Ajedrez l Obituario

'Jaque mate' de la vida a Bobby Fischer

  • El estadounidense, considerado el mejor jugador de la historia, muere en su exilio islandés a los 64 años de edad

El estadounidense Bobby Fischer, figura legendaria del ajedrez mundial, murió ayer a los 64 años tras una larga enfermedad, según adelantó la radio nacional de Islandia (RVU), donde vivía desde marzo de 2005, refugiado de la justicia de su país.

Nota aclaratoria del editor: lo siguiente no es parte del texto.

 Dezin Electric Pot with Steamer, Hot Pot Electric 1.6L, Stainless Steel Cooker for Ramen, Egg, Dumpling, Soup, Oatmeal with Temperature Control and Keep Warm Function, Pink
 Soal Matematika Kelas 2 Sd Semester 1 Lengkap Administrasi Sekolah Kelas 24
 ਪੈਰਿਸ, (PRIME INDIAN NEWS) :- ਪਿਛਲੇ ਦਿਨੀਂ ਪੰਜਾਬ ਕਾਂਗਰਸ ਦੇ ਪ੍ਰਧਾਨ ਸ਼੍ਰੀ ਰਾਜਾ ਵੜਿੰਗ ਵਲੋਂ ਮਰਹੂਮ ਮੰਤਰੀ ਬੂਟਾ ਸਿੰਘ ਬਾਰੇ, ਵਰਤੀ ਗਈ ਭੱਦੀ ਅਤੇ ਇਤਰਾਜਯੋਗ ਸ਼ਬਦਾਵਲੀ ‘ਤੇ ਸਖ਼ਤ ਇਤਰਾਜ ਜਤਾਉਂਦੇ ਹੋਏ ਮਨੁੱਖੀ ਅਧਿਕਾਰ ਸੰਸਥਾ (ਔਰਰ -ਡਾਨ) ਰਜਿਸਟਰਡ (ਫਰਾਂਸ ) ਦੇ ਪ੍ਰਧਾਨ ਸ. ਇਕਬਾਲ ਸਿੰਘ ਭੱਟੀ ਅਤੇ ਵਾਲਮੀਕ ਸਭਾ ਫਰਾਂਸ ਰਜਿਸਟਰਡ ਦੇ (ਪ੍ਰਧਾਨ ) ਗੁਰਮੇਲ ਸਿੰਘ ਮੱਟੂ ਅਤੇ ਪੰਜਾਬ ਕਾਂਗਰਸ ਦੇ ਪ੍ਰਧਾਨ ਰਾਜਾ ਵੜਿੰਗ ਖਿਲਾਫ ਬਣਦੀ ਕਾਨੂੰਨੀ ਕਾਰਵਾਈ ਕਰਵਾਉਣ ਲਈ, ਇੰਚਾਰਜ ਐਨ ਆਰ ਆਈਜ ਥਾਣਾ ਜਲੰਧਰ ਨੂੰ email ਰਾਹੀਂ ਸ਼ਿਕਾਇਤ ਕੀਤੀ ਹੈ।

Según la edición digital del diario islandés Morgunbladid, Fischer falleció en su casa de Reykjavik, adonde regresó el mes pasado tras permanecer ingresado en un hospital de la capital en octubre y noviembre.

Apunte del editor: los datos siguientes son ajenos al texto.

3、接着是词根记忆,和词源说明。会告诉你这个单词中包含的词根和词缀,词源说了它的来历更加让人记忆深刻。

En la capital islandesa disputó en 1972 un encuentro histórico por el campeonato mundial contra el soviético Boris Spassky, considerado "el enfrentamiento del siglo" y con una clara connotación política por el contexto de la guerra fría.

Pero ya no volvió a jugar más partidas oficiales: en 1975, cuando tuvo que defender el título frente al aspirante Anatoly Karpov, planteó exigencias inaceptables para la FIDE, que lo despojó del título por incomparecencia.

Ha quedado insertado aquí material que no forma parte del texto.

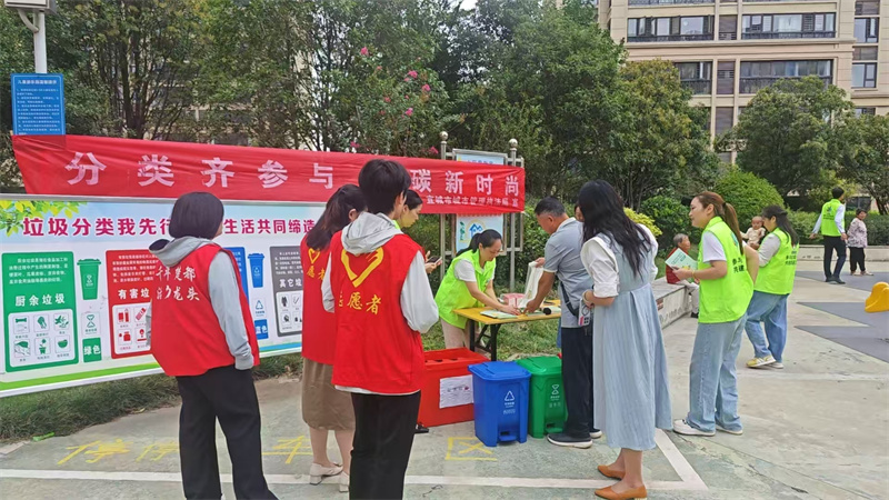 ÔÚ»¥¶¯ÌåÑéÇø£¬ÉèÖõķÖÀàÀ¬»øÍ°Ä£ÐÍÎüÒý²»ÉÙ¾ÓÃñפ×ã²ÎÓë¡£º¢×ÓÃÇÔÚÖ¾Ô¸ÕßµÄÖ¸µ¼Ï£¬½«Ä£ÄâÀ¬»ø¿¨Æ¬×¼È·Í¶Èë¶ÔÓ¦À¬»øÍ°£¬ÏÖ³¡·ÕΧ»îÔ¾¡£

Fischer, que durante años vivió retirado de la atención pública, llegó a Islandia después de que este país, donde era muy popular desde su duelo con Spassky, facilitó su puesta en libertad concediéndole su ciudadanía tras permanecer 8 meses retenido en un centro japonés para inmigrantes ilegales. El ajedrecista fue detenido en Tokio en julio de 2004 por intentar usar un pasaporte revocado por EEUU, que tenía dictada contra él una orden de busca y captura desde 1992 por violar una prohibición del Gobierno de viajar a la antigua Yugoslavia y desarrollar una actividad económica allí.

En medio de la guerra de los Balcanes, Fischer no hizo caso de la orden y viajó a Belgrado para jugar contra Spassky a cambio de 3 millones de dólares.

Durante su cautiverio en Tokio, Fischer calificó la retención de "secuestro" organizado por el presidente de EEUU, George Bush, y su títere, el entonces primer ministro nipón, Junichiro Koizumi.

A su llegada a Reikiavik se despachó con unas declaraciones antisemitas y contrarias a su país de origen. Durante su estancia en Islandia, Fischer, quien consideraba "muerto" el ajedrez para él, mantuvo un perfil bajo. Desapareció sin dejar rastro y sólo regresó a la vida pública después de los atentados del 11 de septiembre de 2001 en Estados Unidos, cuando en una entrevista elogió los ataques y afirmó que le gustaría ver a su país "hecho polvo". En marzo de 2005, después de ocho meses retenido en Japón intentando impedir su repatriación a Estados Unidos, Fischer obtuvo la nacionalidad islandesa.